Он раз за разом просматривал видеоролик, пришедший по WhatsApp, и отказывался верить глазам. «Это невозможно! Так не бывает! – хотелось заорать во всё горло. – Кто-то жестоко пошутил!» И не кричал он только потому, что разум, подлый холодный разум, давно приученный мыслить логически, шептал ему жёстко, безапелляционно: «Пытаться уйти от очевидности – трусость! Ты ведь и сам знаешь, что это – ПРАВДА! Держи удар, как учили!»

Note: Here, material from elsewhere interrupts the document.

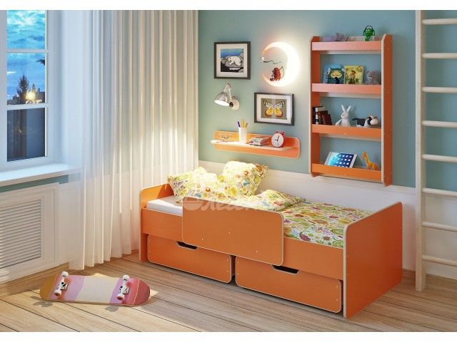 Детская кровать от 3 лет Легенда 14.1 с полками оранж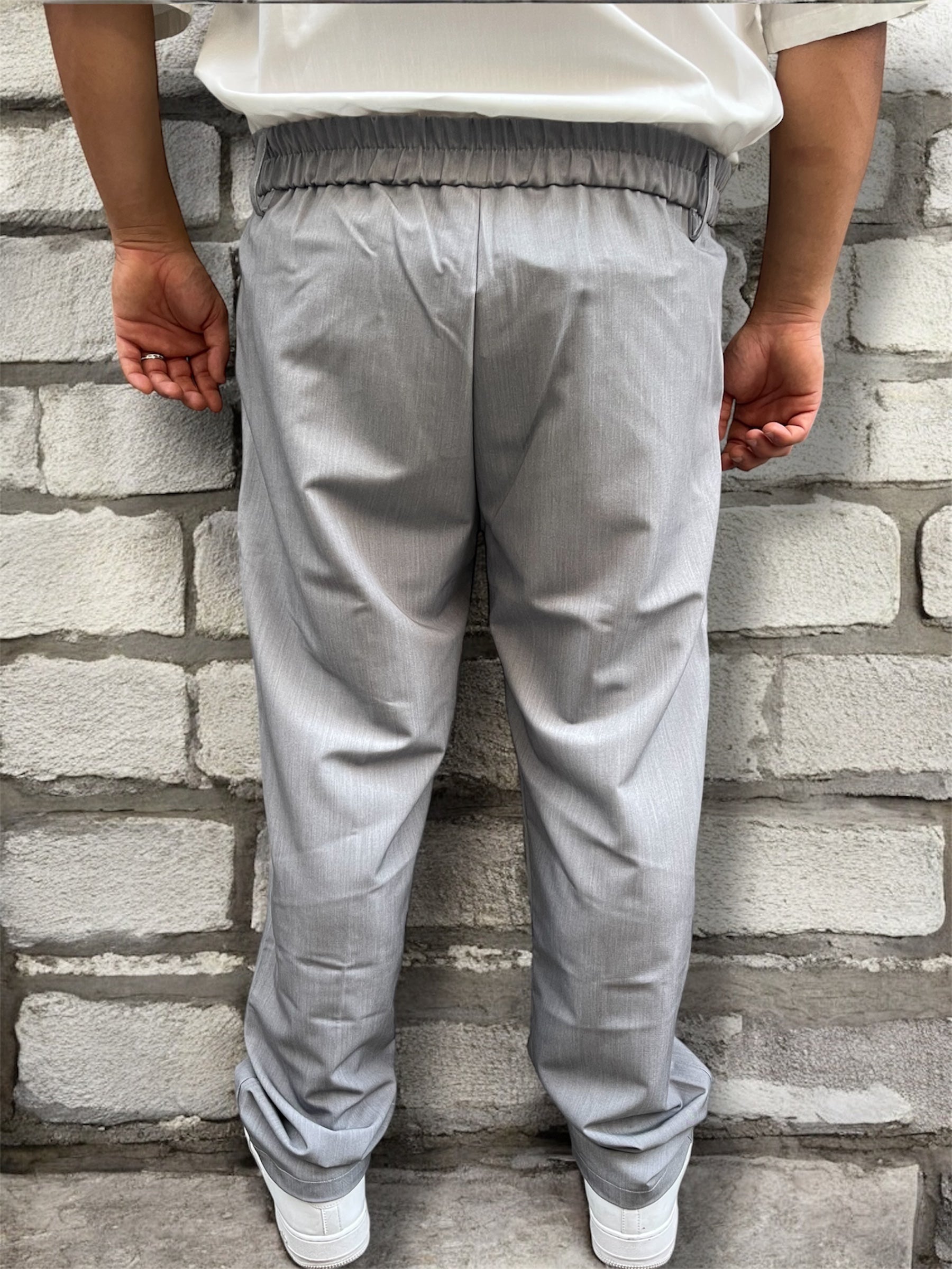 Pantalone classico fit ampio con cucitura a contrasto sul davanti, tasche laterali, mezzo bustino con bottone, e elastico sul retro.

Но смысла держать удар он больше не видел.

…Учась в пятом классе, как-то в начале мая он возвращался после продлёнки домой. И, проходя через задний двор школы, где располагалось футбольное поле и спортивные площадки в обрамлении густых кустов, вдруг услышал истошные вопли, иногда переходившие в отчаянное шипение. Душераздирающие звуки издавал явно не человек, и мальчик догадывался, кому они могут принадлежать: не раз приходилось слышать, какие концерты закатывают озабоченные продолжением рода коты. Но нутром почувствовал: в данном случае кошачья свадьба ни при чём, животина определённо угодила в беду. В благородном порыве помочь страдающему существу он кинулся к ближайшим зарослям.

Когда он портфелем раздвинул ветви кустарника, ему предстала страшная картина. На корточках сидели три пацана, на два класса его старше, слывшие на всю школу отпетыми мерзавцами, с ними и учителя предпочитали не связываться. Двое из них прижали к земле серого облезлого кота, слабо дёргающего вывернутыми из суставов лапами, а третий норовил «розочкой» от пивной бутылки угодить пытавшемуся сопротивляться животному в глаз. На месте другого глаза несчастной твари уже зияла дыра, полная тёмной крови.

– Вы ч-чего т-творите?! – он заикался от негодования.

– Да вот, – сказал один из тех, что держали кота, криво улыбнувшись толстыми губами; его поросячьи глазки горели садистским удовольствием, а толстая веснушчатая физиономия лоснилась от предвкушения, – скотину блохастую поймали. Сейчас ей зенки подрихтуем, бензинчиком спрыснем – чирк! – будет ползать и верещать. Хохма!

– Смеху будет – уссыся! – гаденько хихикнул другой, шмыгнув вечно сопливым носом-крючком. От его длинных, всегда сальных волос постоянно пахло какой-то дрянью. Быть может, народными методами он пытался избавиться от обильной перхоти. Родители пили безбожно и предпочитали купить лишнюю чекушку, чем тратить деньги на хороший шампунь для своего оболтуса.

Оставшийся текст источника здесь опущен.